В моей комнате все было кувырком, но в этот вечер я меньше всего была склонна к домашним хлопотам.
Думалось, стоит мне коснуться головой подушки, как я сразу провалюсь в сон. Но события дня тесно меня обступили, и ни одной лазейки не осталось даже для дремоты. В голове было ясно, мысли выстраивались в таком логическом порядке, что оставалось только досадовать: как раньше мне было невдомек! Например, эта чепуха с револьвером, из которого Шудря якобы застрелил Титову. Он же сказал, что не хотел убивать, но когда она вскочила...
Получалось, что у нее на глазах он полез за револьвером в ящик стола. И совсем уже нелепо все выглядит, если прохронометрировать его действия. Затеял грабеж на исходе ночи... Надо было сразу эти глупости отмести, чтобы в протоколе допроса было видно, что они были сказаны и тотчас отметены, а самооговор рассчитан на дураков.
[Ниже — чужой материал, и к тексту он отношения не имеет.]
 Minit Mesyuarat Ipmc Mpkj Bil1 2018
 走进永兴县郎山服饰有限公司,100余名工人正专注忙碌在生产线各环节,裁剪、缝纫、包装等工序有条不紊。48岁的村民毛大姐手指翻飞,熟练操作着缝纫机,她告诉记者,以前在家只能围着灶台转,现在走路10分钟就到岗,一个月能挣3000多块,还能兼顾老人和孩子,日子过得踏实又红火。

Нет, не просто на дураков, а на стереотип мышления: «Правильный человек не убьет, а уголовник — ему и карты в руки!»
Моя догадка о том, что Титов застал жену с любовником, была пока что догадкой, но следы в саду подкрепляли ее. И если бы не дождь, может быть, следы повели бы дальше.
Ведь дождь залил даже подоконник. И те следы, что обнаружились, уцелели по случайности, из-за особенностей почвы.
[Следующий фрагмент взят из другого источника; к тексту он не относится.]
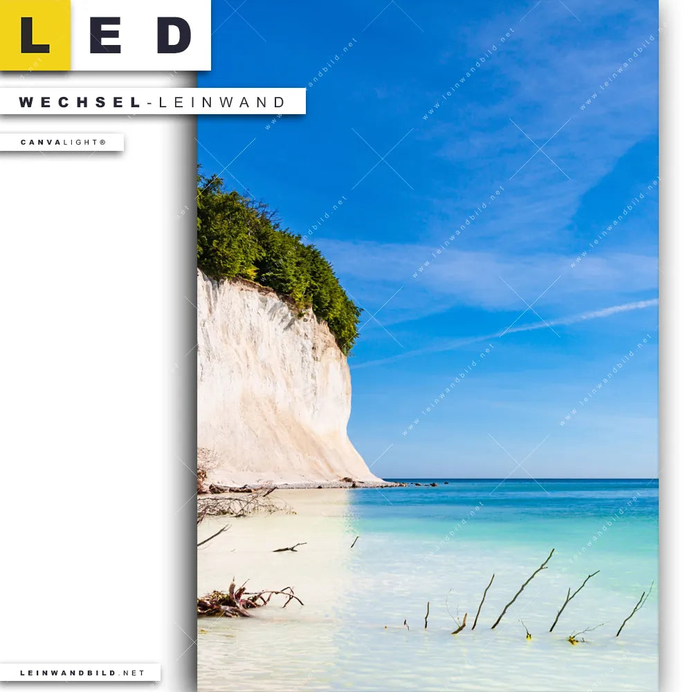 Auf der Suche nach Deinem neuen Wechselmotiv für LED Bilder mit austauschbarer Textil-Leinwand haben Dich Begriffe wie Sommer, Frühling, Deutschland, Insel, Felsen, Küste, Ostsee - Nordsee, Urlaub - Reisen inspiriert? Dann sollte die Wechsel-Leinwand Kreidefelsen auf Rügen für Canvalight® TEX LED Leuchtbilder den Weg zu Dir finden.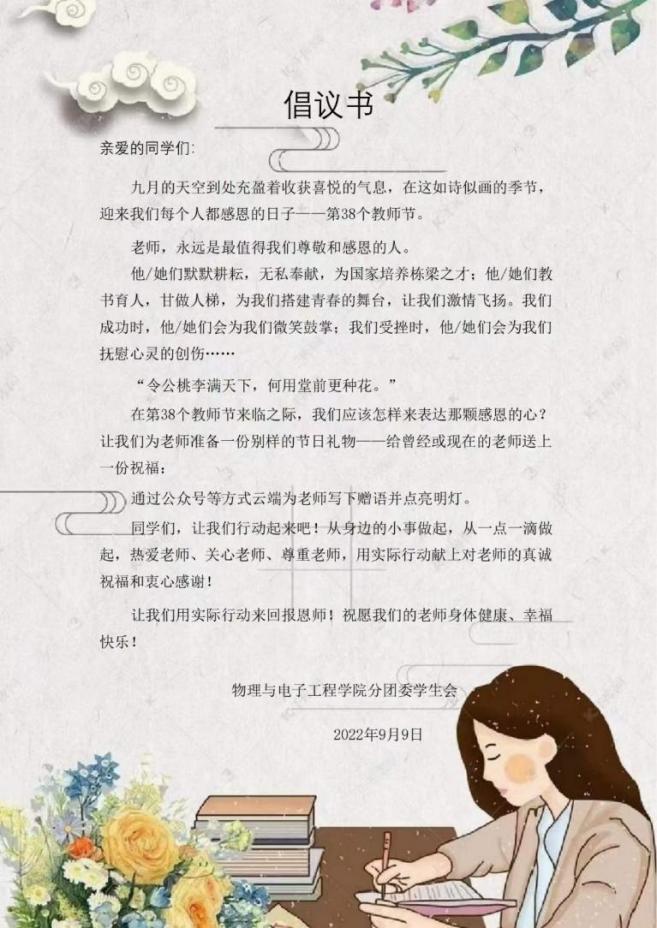 2022年9月10日是第38个教师节,在教师节来临之际,为营造“感恩师,敬师道”的校园文化氛围,今年会jinnianhui分团委学生会于2022年9月4日至9月10日组织全院学生开展了“感念恩师·为教师亮灯”活动。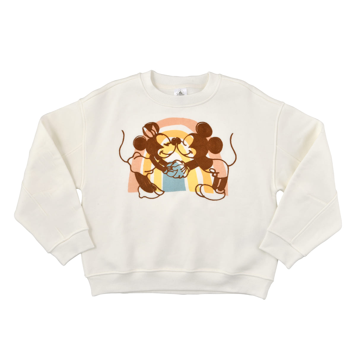 「ミッキーマウス」と「ミニーマウス」に、虹のロマンチックなデザインを合わせた長袖トレーナー。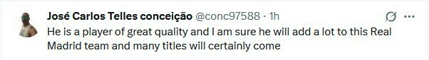 José Carlos Telles conceição: Он игрок высочайшего класса, и я уверен, что он многое добавит команде «Реал», и мы обязательно завоюем много титулов.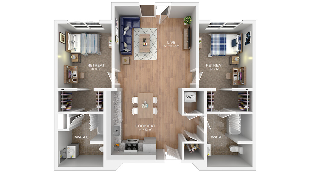 551 North is the perfect place for business professionals looking for a brand new luxury apartment complex with high-end amenities. All apartments include two bedroom with private bathroom pairing, The Linear floor plan includes an extra half bathroom for guests. We offer several lease terms, and an all utilities included price point to suit your specific needs. An added bonus is our fully-furnished apartments if you choose! Our standard offering includes 200+ mbps high speed internet with secure password protected wi-fi for all your remote working and streaming entertainment needs, trash/recycling service, water, and sewer. Meanwhile, our in-unit washer and dryer will make laundry time an easy time! Enjoy high-end amenities in our BRAND NEW state-of-the-art clubhouse that features a second-floor fitness center with yoga room, a resort style pool, on-site leasing office with secure mail and package storage, a business center with FREE printing, cafe with FREE self-serve Starbucks coffee, and more! 551 North is also a pet friendly complex. Contact us today to live at the next level! *All clubhouse photos are conceptual images.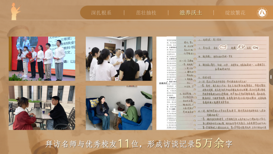 繁茂生长,需以师德为沃土滋养。班级持续开展“教育家精神”读书会40余场,形成学习笔记120余篇;拜访名师校友11位,撰写访谈记录5万余字;深入乡村小学开展红色教育及“四点半课堂”等服务,累计志愿时长4574.08小时,以实际行动诠释师范担当。

О любовнике, безусловно, знал Шудря, но молчал. Почему? Да потому же, почему взял на себя вину Титова!
Каковы бы ни были чувства преданности, восхищения, дружбы — а такие, как Шудря, способны на эти чувства и обычно несколько экзальтированны, — они не могли бы вынудить на такой шаг, как самооговор... Если бы тут не сыграло соображение: Титова никто не заподозрит, все равно обвинят Шудрю!
Но как мог пойти на это Титов, зная, что Шудря понесет наказание?!
Я перебирала в памяти все слова Титова, все оттенки его голоса, выражение лица. Не было ни тени колебания в его ответах, ничего, кроме понятного отчаяния и нескрываемого желания остаться один на один со своим отчаянием.
Бесконечно перебирая и оценивая происшедшее, я крутилась в постели до тех пор, пока не стало рассветать, и заснула с тягостным чувством чего-то неопределенного, что началось и еще будет продолжаться.
Оно преследовало меня все утро на службе, пока я ждала, что Ларин вернет мне дело. Так или иначе, я должна была получить его обратно: законный срок есть законный срок!
К концу дня я решила идти к Ларину: если он не возвращает мне дело, пусть зачисляет его за собой и следит за сроками. Но он зашел ко мне сам, сияющий и в высшей степени благожелательный. Я отнеслась к этому с подозрением, и не напрасно.
— Хочу вас обрадовать: дело об убийстве в Лебяжьем я отправил в высшую инстанцию. — Он посмотрел на меня и добавил, как бы оправдываясь: — Наверху, — он снова значительно поднял палец, — чрезвычайно заинтересовались делом. Сами понимаете: Холмогорная... Дело будет вести кто-нибудь из следователей по важнейшим делам.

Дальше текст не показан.